= Information supplied =
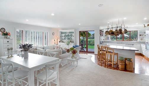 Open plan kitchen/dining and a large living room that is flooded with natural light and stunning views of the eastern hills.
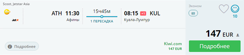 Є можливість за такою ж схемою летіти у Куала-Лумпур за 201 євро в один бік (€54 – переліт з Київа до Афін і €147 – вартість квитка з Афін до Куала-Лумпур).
--
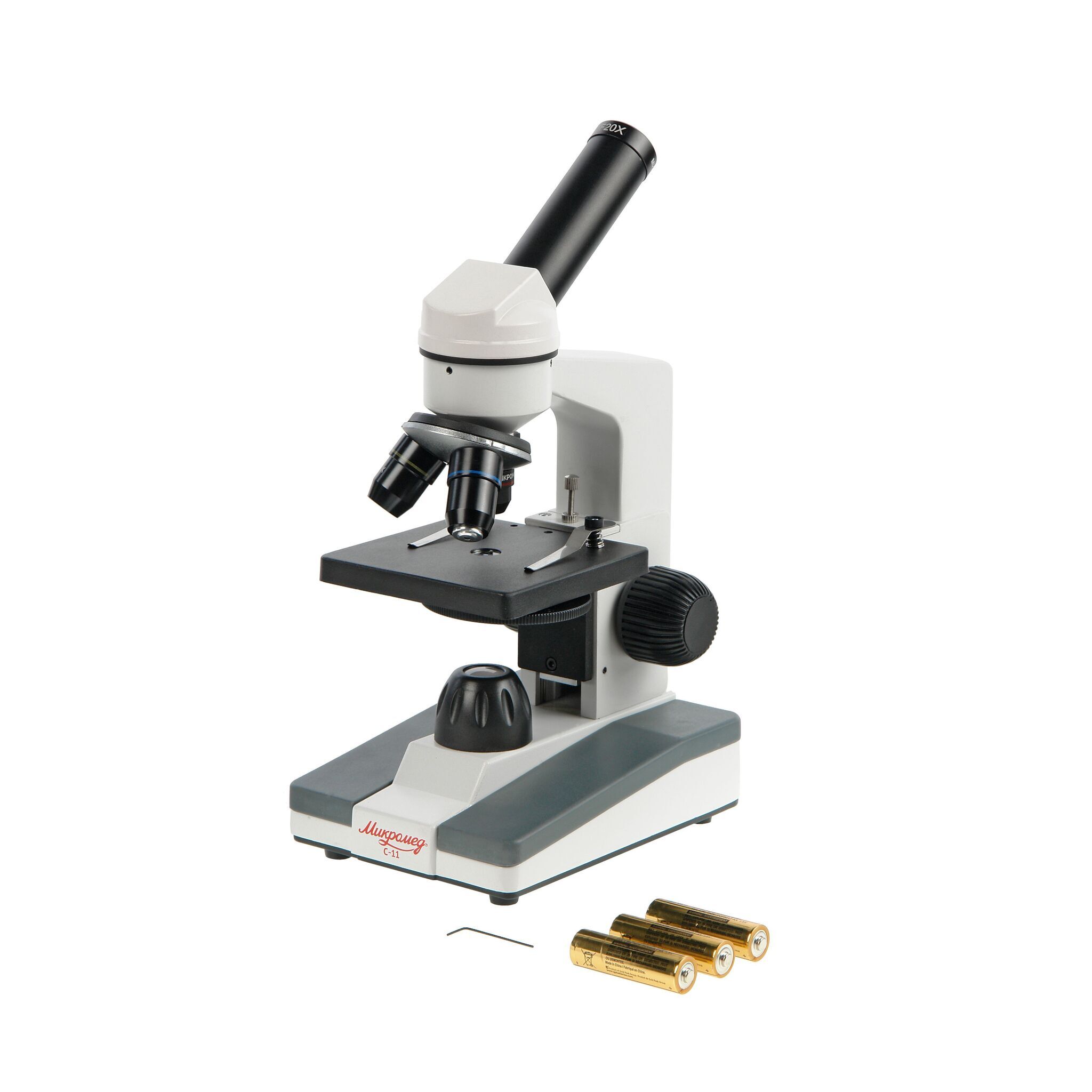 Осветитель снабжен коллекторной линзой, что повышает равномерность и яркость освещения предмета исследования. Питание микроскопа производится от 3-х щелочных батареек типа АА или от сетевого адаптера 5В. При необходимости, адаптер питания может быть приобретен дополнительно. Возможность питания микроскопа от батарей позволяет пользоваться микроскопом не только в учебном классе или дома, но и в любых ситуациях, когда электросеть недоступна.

= Assignment =
Everything above from the line that has "Open plan kitchen/dining" down to the line that has "Є можливість за" should be output exactly, with both of those lines included. Leave the pictures behind.

= Exercise output =
 Open plan kitchen/dining and a large living room that is flooded with natural light and stunning views of the eastern hills.
 Є можливість за такою ж схемою летіти у Куала-Лумпур за 201 євро в один бік (€54 – переліт з Київа до Афін і €147 – вартість квитка з Афін до Куала-Лумпур).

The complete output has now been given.